G-quadruplex DNA structures in human stem cells and differentiation

The establishment of cell identity during embryonic development involves the activation of specific gene expression programmes and is underpinned by epigenetic factors including DNA methylation and histone post-translational modifications. G-quadruplexes are four-stranded DNA secondary structures (G4s) that have been implicated in transcriptional regulation and cancer. Here, we show that G4s are key genomic structural features linked to cellular differentiation. We find that G4s are highly abundant in human embryonic stem cells and are lost during lineage specification. G4s are prevalent in enhancers and promoters. G4s that are found in common between embryonic and downstream lineages are tightly linked to transcriptional stabilisation of genes involved in essential cellular functions as well as transitions in the histone post-translational modification landscape. Furthermore, the application of small molecules that stabilise G4s causes a delay in stem cell differentiation, keeping cells in a more pluripotent-like state. Collectively, our data highlight G4s as important epigenetic features that are coupled to stem cell pluripotency and differentiation.

Automated summary

This study reveals that G-quadruplexes (G4s), four-stranded DNA secondary structures, are key genomic features linked to cellular differentiation.
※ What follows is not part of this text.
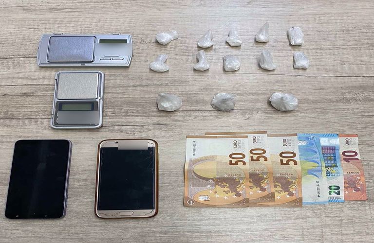Οι αστυνομικοί κατέσχεσαν 25 γραμμάρια κοκαΐνης, διαμοιρασμένα σε 13 συσκευασίες, δύο ηλεκτρονικές ζυγαριές ακριβείας

G4s are highly present in human embryonic stem cells but lost during lineage specification. They are mainly found in enhancers and promoters and are closely associated with transcriptional stabilization of genes involved in essential cellular functions and transitions in histone post-translational modification landscape. Moreover, stabilizing G4s with small molecules delays stem cell differentiation, maintaining a pluripotent-like state. These findings highlight the importance of G4s as epigenetic features coupled to stem cell pluripotency and differentiation.